╭─ Given information

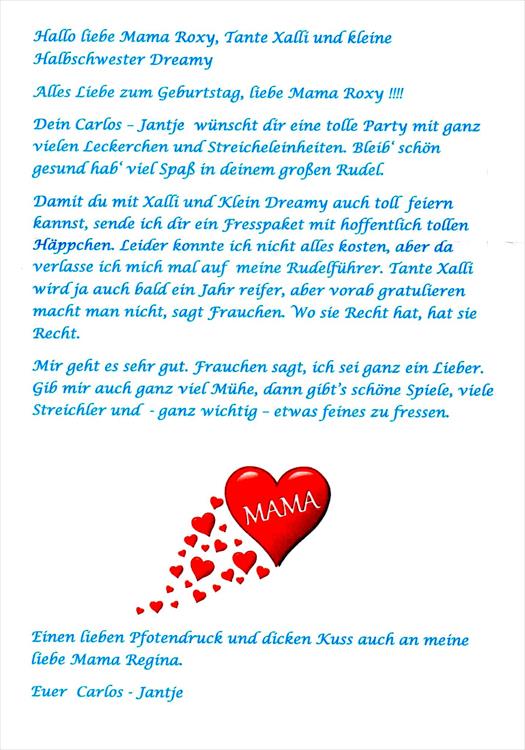 Glückwünsche von Xallis Bruder Dexter sowie Melanie und Markus Roll. Vielen, lieben Dank!
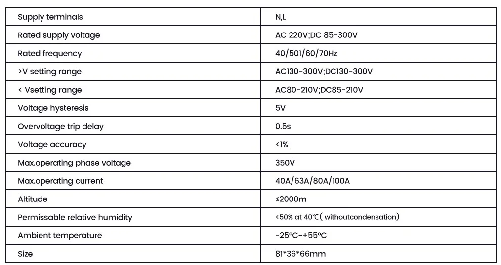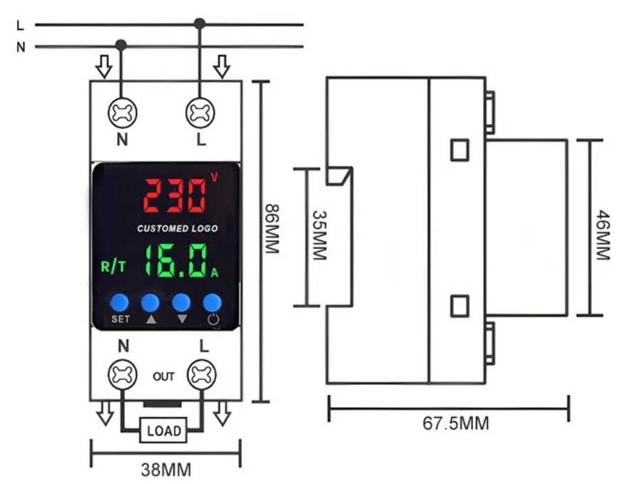 XUCKY hoogwaardige over- en onderspanningsbeschermer kan spanning, stroom, vermogen en frequentie in realtime bewaken en biedt rondom bescherming voor apparatuur om inbranden, uitschakelen en verlies veroorzaakt door spanningsschommelingen te voorkomen. Tegelijkertijd heeft het de kenmerken van een eenvoudige installatie, duidelijke weergave en instelbare parameters. Model: PN2-VA4 1. Beveiliging tegen over-/onderspanning 2. Overstroombeveiliging 3. Groot digitaal LED-display 4. Instelbare parameterinstellingen 5. Aanpasbare logoweergave 6. Op microcontrollers gebaseerde intelligente besturing 7. Din-Rail-montage voor eenvoudige installatie
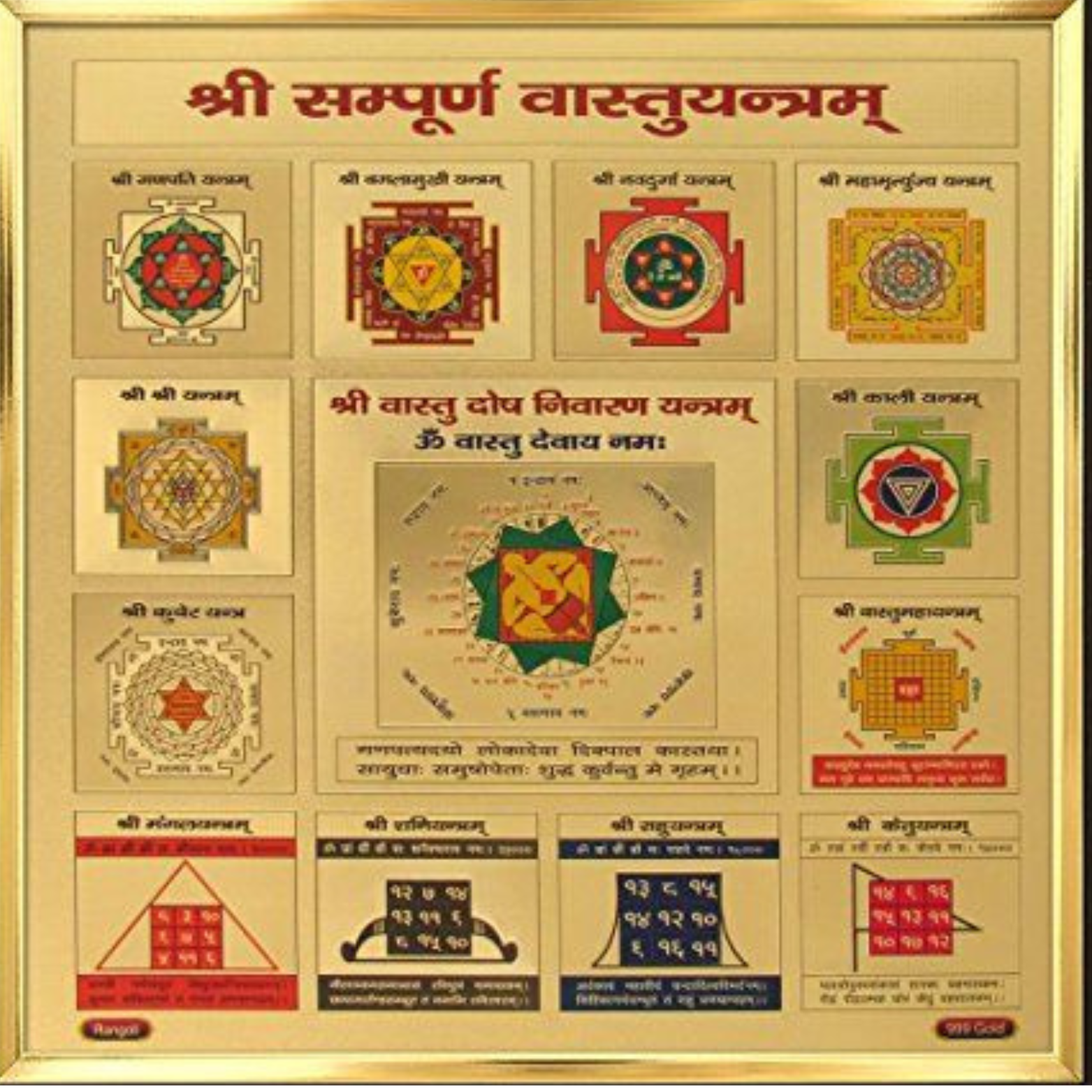 The Shree Sampoorna Vastu Yantra is energized with sacred mantras and geometrical patterns that work on a subtle energy level. It absorbs and neutralizes Vastu imbalances and radiates positive energy, making the surroundings auspicious and vibrant.

╰─

What to do
I'd like the material duplicated exactly, without its pictures.

Task result
 Glückwünsche von Xallis Bruder Dexter sowie Melanie und Markus Roll. Vielen, lieben Dank!
 XUCKY hoogwaardige over- en onderspanningsbeschermer kan spanning, stroom, vermogen en frequentie in realtime bewaken en biedt rondom bescherming voor apparatuur om inbranden, uitschakelen en verlies veroorzaakt door spanningsschommelingen te voorkomen. Tegelijkertijd heeft het de kenmerken van een eenvoudige installatie, duidelijke weergave en instelbare parameters. Model: PN2-VA4 1. Beveiliging tegen over-/onderspanning 2. Overstroombeveiliging 3. Groot digitaal LED-display 4. Instelbare parameterinstellingen 5. Aanpasbare logoweergave 6. Op microcontrollers gebaseerde intelligente besturing 7. Din-Rail-montage voor eenvoudige installatie
 The Shree Sampoorna Vastu Yantra is energized with sacred mantras and geometrical patterns that work on a subtle energy level. It absorbs and neutralizes Vastu imbalances and radiates positive energy, making the surroundings auspicious and vibrant.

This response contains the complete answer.